8 steps to perfect smoky eye makeup

Get expert advice on applying shadow and liner for a sexy look.

The one look my friends always ask me to teach them is the smoky eye. They kind of sneak up to me and shyly ask, as if they are asking me to divulge a secret sex technique. It's amusing that the smoky eye has such a forbidden-fruit quality for some women. It's not only a great nighttime "come-hither" look -- with the right colours it's also a sophisticated daytime option.

*Step 1: Determine the shade of the shadow you should use.* More natural shades (like browns, taupes and greys) will look softer; non-skin tone shades (like greens, blues and plums) will look more apparent on the face. The choice is yours, but if you are a beginner, you might want to stick to medium-browns and taupes as you are learning.

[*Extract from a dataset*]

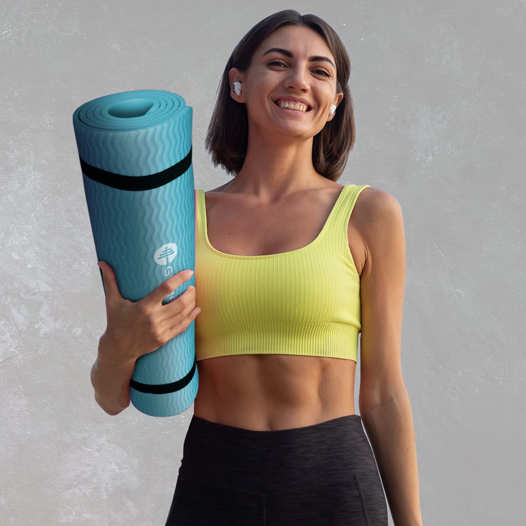 DETAILS:Great for any workout that needs a MAT, Yoga, Pilates, Gymnastics also great for camping or just relaxing and its even great for tanning by the beachOur WAVY DESIGN YOGA MAT will be more stable and anti slip compared to the mats that are plain or have straight lines, and gives it a more modern lookFREE CARRYING STRAP INCLUDED!This Is great outdoor and indoor MAT, ideally to use as a floor carpet in your bedroom or for your pet to relax and play on it.Soft textured surface, Great comfort, provides cushioning for your body, when laying down on our mat you feel the softness that will make you feel relaxed. Mat Dimensions: 71 inches long, 24 inches wide and 1/3 inch thickness, comes in different colors,This yoga is manufactured from the so-called Clean NBR, made from Eco-conscious ingredients. As a result, this is versatile and highly durable yoga mat is an excellent choice for any kind of practice, and if durability is an issue, you could always recycle it, since it's so neutral to the environment. Extra thick and soft, this mat enables comfortable yoga practice by providing cushioning for your knees, ankles, and other sensitive areas.Absolutely not toxic - made of Eco-conscious materials!

Consider your skin tone -- if your skin is light, choose a lighter version of a shadow colour (like a lighter plum); the deeper your skin, the darker you need to go (like an aubergine). A swatch test on the back of your hand will help you decide the best shade for you.

*Step 2: Choose texture: matte or shimmer.* A light shimmer shadow is much easier to work with, as it will blend more subtly into the skin. Mattes look great, but require a little more skill.

*Step 3: Use the flat end of a small, double-ended shadow brush to apply a base shadow all over the lid area.* Your base shadow should be a neutral, matte shadow that will act as a primer or foundation before you apply the coloured shadow. It will help the colour shadow grab on and stay put, and it will also neutralize your eyelid's natural skin tone so the colour of the shadow on your lid will more closely match its colour in the pan.

*Step 4: Pick up a little of the coloured shadow with the flat end of your double-sided eye shadow brush.* Blend the shadow from the upper lash line up into the crease to open and lift the eye.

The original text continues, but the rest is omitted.